Prolific property investor and highly sought after mortgage broker, Catherine Lezer, talks about lost and found opportunities and nerve-wracking auction experiences
Catherine Lezer is also a Sequal principal and a personal mortgage adviser with Smartline
You’ve been investing in property for a while; what have been the most exciting experiences you’ve had?
Finding an under-rented mortgagee sale in 2007, with a water leak that made a mouldy patch in the carpet. When I saw this unit for sale, I knew it was very under-rented ($430 per week at the time, but should have been more like $550 per week), and I took an educated guess at what the bank was owed (I thought about $440,000) and I didn’t think the water leak would be hard to fix.
As with most mortgagee sales there was an auction. We got ready for the auction, finance in place, I went and did the strata search myself. At the auction, there were about 20 people standing around, and I had set my limit to no more than $500,000. We started the auction off at $440,000 and... no one else bid. I couldn’t believe it. After a very long time the auctioneer went and got instructions from the mortgagee and they made a vendor bid of $459,000. We bid $460,000 and the hammer fell. A fixed downpipe and new carpet, lights and paint and that place was easily rented for $550 (in 2013 it was renting for $775 per week).
And your most nerve-wracking experience (in relation to property investing)?
Every time I go to auction it’s nerve wracking! One particular auction I was bidding at I put my hand up to make the first bid at $300,000. The auctioneer said “I am not taking bids under $500,000 madam, I don’t need the practice”. No other bids hence the property was passed in and I was firmly put in my place. It was a good ending for us as we did buy it after auction for $485,000, but to this day I am not loving auctions.
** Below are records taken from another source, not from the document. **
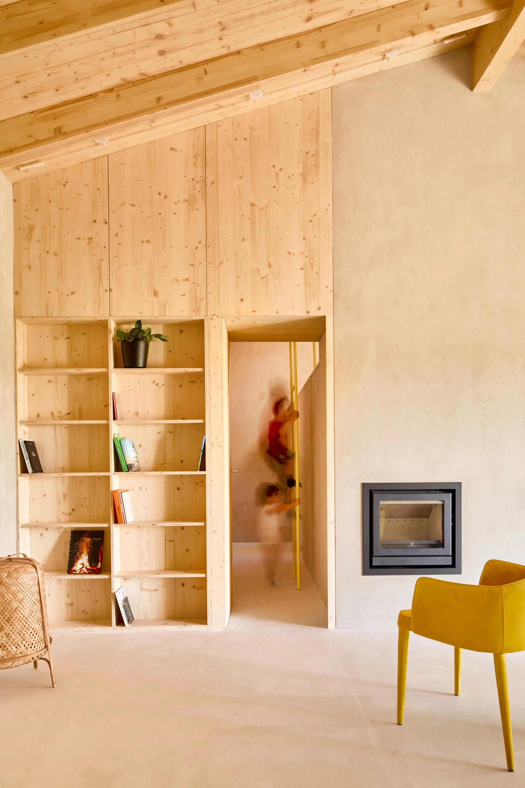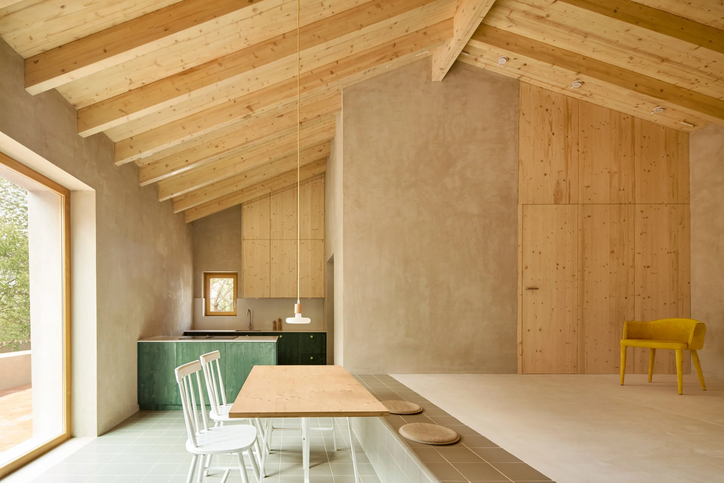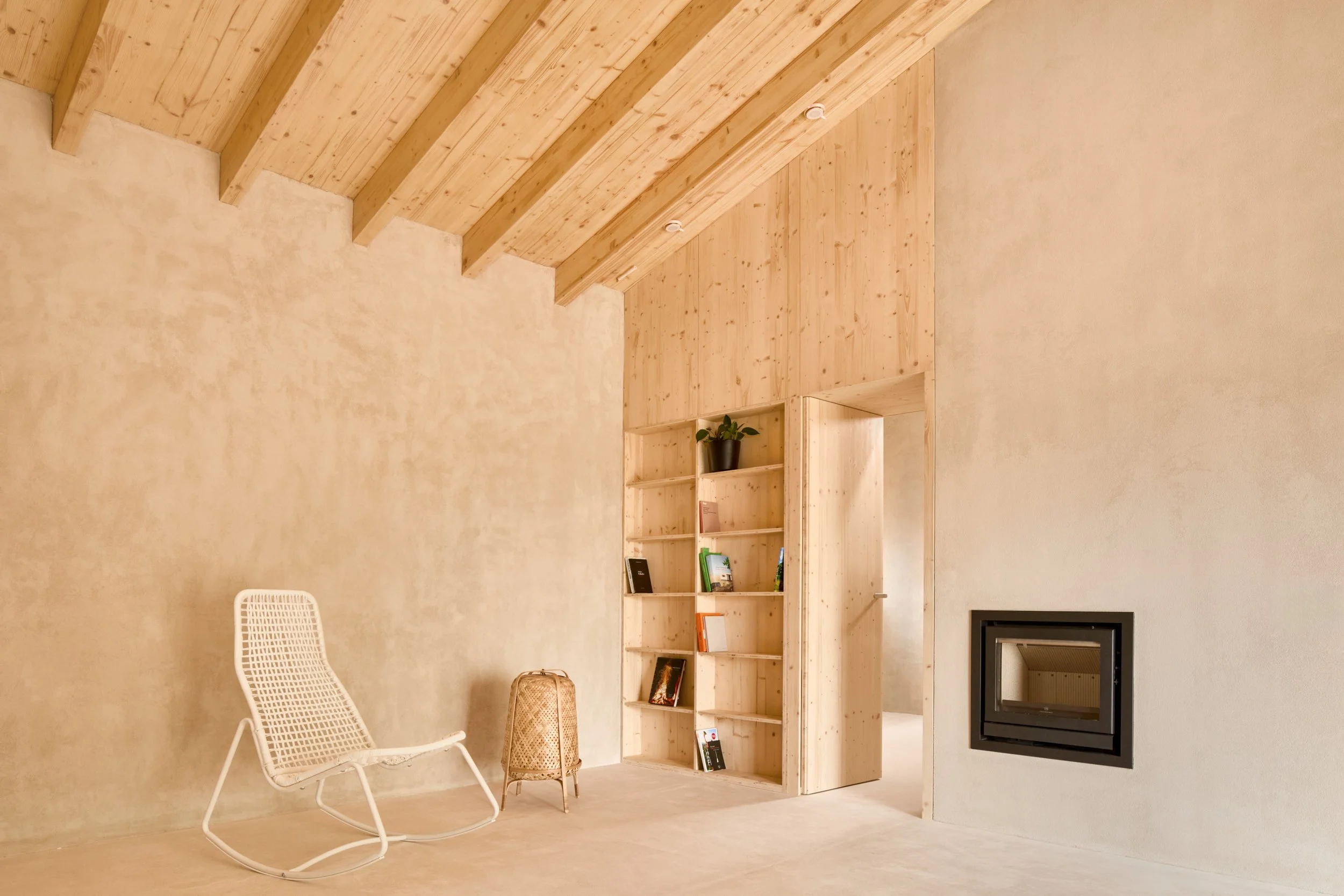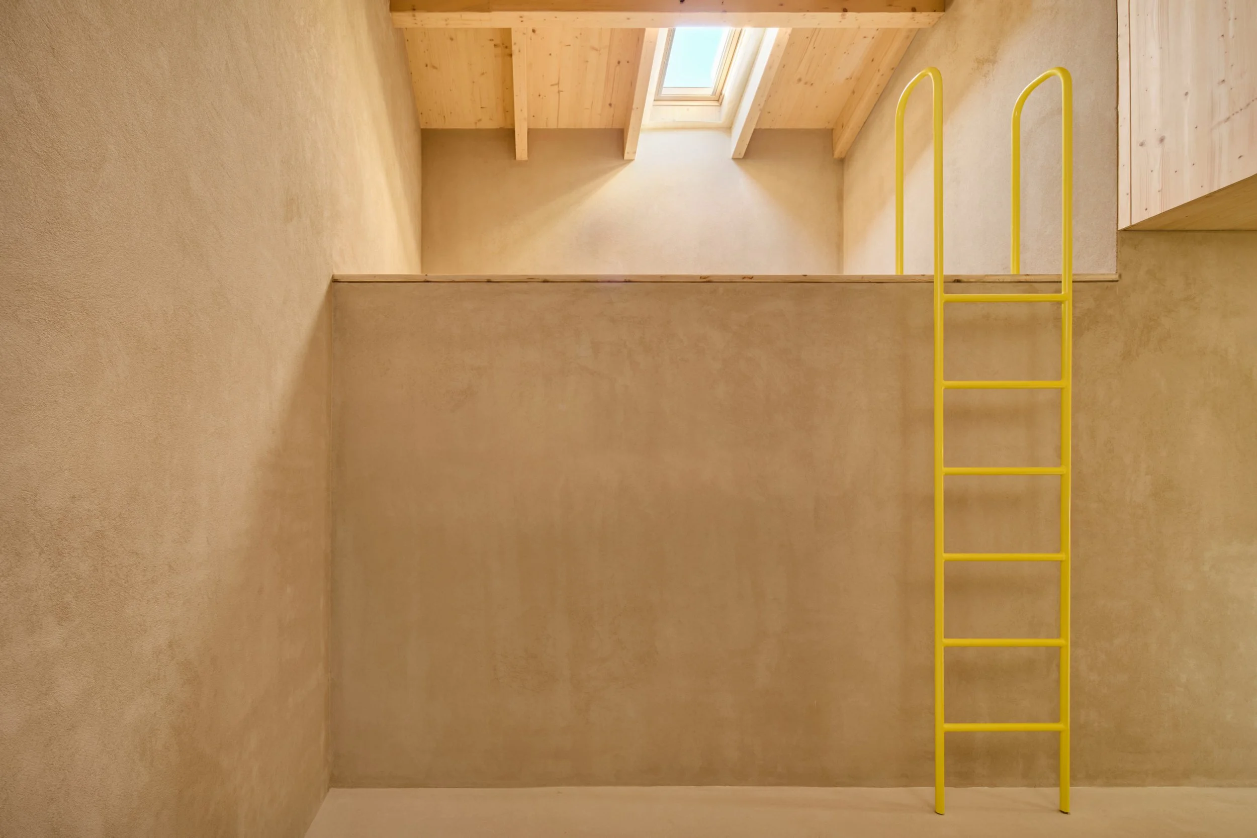 Optimizing 73 sqm to house a family of 6. A challenge that took us towards an exercise of exploring the heights and levels. Two mezzanines solve the sleeping niches for the kids, and free up the common area for a spacious gathering. All the carpentry elements are partitions and storage in one. Great care is taken in the selection of the materials, most from natural origin, creating a low impact building as well as a healthy interior. Furthermore some additional strategies were implemented, crucial for this particular geograpich location, namely rain water collection, a phytodepuration system for sewage water, deciduous plants for south shading, solar heating and power. Set in the hills of the Algarve, the colour scheme represents the soft tones of the surroundings, and some bright and fun accents give a refreshing and youthfull feel to the interior.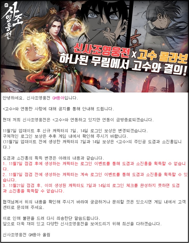 신사조영웅전이 고수랑 콜라보를 한다는 소식을 듣고 시작했습니다!!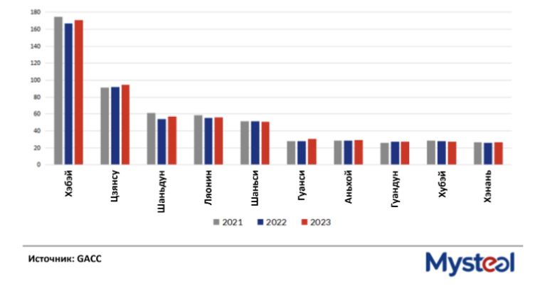 Согласно последним данным Национального бюро статистики Китая (NBS), в восьми из 10 крупнейших провинций и автономных районов Китая, производящих сталь, производство нерафинированной стали в январе-сентябре выросло в годовом исчислении.

Which of the deals you’ve done are you most proud of?
Buying a 40 sqm studio in Waterloo NSW with parking. I kept it rented for a year then renovated and sold it. I liked this deal because I knew when I bought it I was going to renovate and it was the first time I didn’t play it safe with a reno. I chose a glamorous two tone dark kitchen with smoke mirror splashbacks, dark floors, great lights and wall decals. It was the perfect single persons pad in the Danks Street area.
What have been your biggest regrets?
We bought a property sight unseen based on good statistics, but it didn’t grow. It just sat there, and after three years we decided to sell up and do something better with the money. We sold it for $12,000 more than we paid, so after all costs we’d lost about $10,000.
Where would you invest right now?
I keep a close eye on my home town Sydney and I think Mascot and Botany are starting to grow.
Are you working on a particular project right now? Tell us about it.
In one apartment building where we own an investment unit, I was elected chairperson of the body corporate. Like with many buildings, we have owner occupiers mixed with investors, and a mixture of shops and 1, 2 and 3 bed units. This building has just hit 10 years of age and is in need of an exterior repaint and interior upgrade. Engaging the whole building in these projects has been great for me to learn about getting things done in a democracy and certainly is not about one person making the decision. There is a consultation process with all owners and residents, then briefing the designer, then voting on which design wins, then getting three quotes for the work, then actually doing the work.
One project I found fascinating was getting an energy audit and then following the advice in the audit by installing energy efficient sensor lighting with the interior upgrade; this has already dropped our energy usage costs by 20%. We are about to vote on installing solar panels at our next meeting which should give us another 25% drop in energy consumption.